We have 27 laying hens and 2 roosters. We are getting at least a dozen eggs per day that go mostly to the dogs. The only time we will use them for meat is if the roosters are fighting in which case we will get rid of the meaner one OR if the hens stop laying or take a liking to their own eggs. 

I'd think a much larger operation would be needed to sustain meat chickens as they take a few months to mature. 

It also depends on what you feed your chickens. We feed ours the equivalent to a "raw" diet for them of whole grains (cracked corn, barley, wheat, black oil sunflower seeds, millet, flax seeds, lentils, split peas) as well as some fresh food everyday like spinach, lettuce, squash, kale, pumpkin, melons, etc and any food scraps we produce from meat, dairy, cooked foods, etc. 

They're free ranged over about a 1/4 acre area and we let them out to roam the rest of the property later in the afternoon and they always put themselves to bed. 

Our coop is rather large with a roosting area for sleeping and 6 laying boxes we made out of old cabinets. We use deep bedding for them with cedar shavings that need to be turned and added to every once in a while. 

As far as spending $$ on them.... I would say like $100 per month for everything not including building costs.


----------



## xellil (Apr 4, 2011)

i originally wanted chickens to eat the grasshoppers that come through here in the summer and eat all the leaves off the trees. 

But my dad told me I would need 6000 chickens at least, to be successful. So I have lowered my sights to eggs and getting rid of a few of the grasshoppers.

So Natalie, the chickens don't lay an egg per day?


----------



## BarbaraClark (Oct 23, 2011)

Hmmm, sounds like rabbits for meat would be a better deal?


----------



## naturalfeddogs (Jan 6, 2011)

We have a rooster and hens for eggs at the moment. We have alo had meat birds as well, and the older they got the more they ate. They are eating machines, literaly more than layer breeds. 40 broilers were out eating our horses by the time they were 9weeks old, which is when Wayne slaughterd them. I don't think we will do those again. I'll just buy the best quality chicken I can find at the store.

As far as breeding and raising, they lay eggs daily and if you have a rooster you are likely to get fertilized eggs daily. Incubating takes some work as far as getting temp. and humidity just right for a good hatch. Then they stay in a brooder with heat lamps until they are fully featherd in. Meat birds don't have a long life even if not slaughterd, and I have heard they can be hard to get to live long enough to breed and lay. Our only experiance with hatching has been layers, not meaties. Look into it alot first, because it can be a headache.

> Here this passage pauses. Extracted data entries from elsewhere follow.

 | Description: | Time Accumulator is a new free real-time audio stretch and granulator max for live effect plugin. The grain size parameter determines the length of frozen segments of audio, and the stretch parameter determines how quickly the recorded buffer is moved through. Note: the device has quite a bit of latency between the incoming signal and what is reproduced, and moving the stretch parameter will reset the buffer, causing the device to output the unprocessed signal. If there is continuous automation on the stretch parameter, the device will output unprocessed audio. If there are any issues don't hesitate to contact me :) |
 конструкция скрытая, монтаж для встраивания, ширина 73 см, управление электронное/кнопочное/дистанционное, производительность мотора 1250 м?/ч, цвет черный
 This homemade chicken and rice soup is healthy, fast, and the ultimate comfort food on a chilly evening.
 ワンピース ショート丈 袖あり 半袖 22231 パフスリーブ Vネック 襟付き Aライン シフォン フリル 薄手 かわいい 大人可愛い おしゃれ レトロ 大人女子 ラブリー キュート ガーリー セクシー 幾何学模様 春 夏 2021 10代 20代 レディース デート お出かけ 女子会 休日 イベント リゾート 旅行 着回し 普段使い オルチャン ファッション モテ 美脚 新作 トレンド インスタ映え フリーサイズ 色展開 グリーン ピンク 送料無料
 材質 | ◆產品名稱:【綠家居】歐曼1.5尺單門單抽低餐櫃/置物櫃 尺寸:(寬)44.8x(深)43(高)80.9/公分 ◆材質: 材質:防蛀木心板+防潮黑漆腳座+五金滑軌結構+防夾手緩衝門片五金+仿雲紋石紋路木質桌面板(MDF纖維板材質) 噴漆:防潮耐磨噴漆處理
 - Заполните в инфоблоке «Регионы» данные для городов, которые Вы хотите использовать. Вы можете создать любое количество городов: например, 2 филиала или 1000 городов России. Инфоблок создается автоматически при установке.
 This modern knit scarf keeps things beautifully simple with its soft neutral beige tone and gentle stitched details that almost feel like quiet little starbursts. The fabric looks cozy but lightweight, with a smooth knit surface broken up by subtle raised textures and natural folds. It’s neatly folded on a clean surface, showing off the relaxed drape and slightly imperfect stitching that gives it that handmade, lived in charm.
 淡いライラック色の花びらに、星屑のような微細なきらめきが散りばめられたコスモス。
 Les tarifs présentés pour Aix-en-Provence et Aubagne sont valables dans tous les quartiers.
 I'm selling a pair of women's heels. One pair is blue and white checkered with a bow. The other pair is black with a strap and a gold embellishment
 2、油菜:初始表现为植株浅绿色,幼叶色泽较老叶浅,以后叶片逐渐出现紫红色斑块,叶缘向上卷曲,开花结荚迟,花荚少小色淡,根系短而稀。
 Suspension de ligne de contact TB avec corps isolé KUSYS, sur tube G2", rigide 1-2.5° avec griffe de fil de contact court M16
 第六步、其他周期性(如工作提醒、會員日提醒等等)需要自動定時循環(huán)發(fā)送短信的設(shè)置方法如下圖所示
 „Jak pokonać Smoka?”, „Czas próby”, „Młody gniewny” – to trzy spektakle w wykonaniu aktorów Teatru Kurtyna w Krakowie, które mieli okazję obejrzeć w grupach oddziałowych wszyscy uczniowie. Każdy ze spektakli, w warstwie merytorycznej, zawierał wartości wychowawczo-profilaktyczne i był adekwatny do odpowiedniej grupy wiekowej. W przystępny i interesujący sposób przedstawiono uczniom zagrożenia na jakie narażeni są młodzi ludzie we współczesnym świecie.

JMO.


----------



## BarbaraClark (Oct 23, 2011)

How many fertile eggs do a breeding pair lay each month?


----------



## BarbaraClark (Oct 23, 2011)

Tried to ask this on another forum and got flamed for being an "animal killer" wow.


----------



## naturalfeddogs (Jan 6, 2011)

BarbaraClark said:


> How many fertile eggs do a breeding pair lay each month?


A chicken will lay almost every day, with or without a rooster, and I see our roo jumping on the hens several times a day. When we were incubating, we collected eggs daily, and after five days candled them, and most were fertile. 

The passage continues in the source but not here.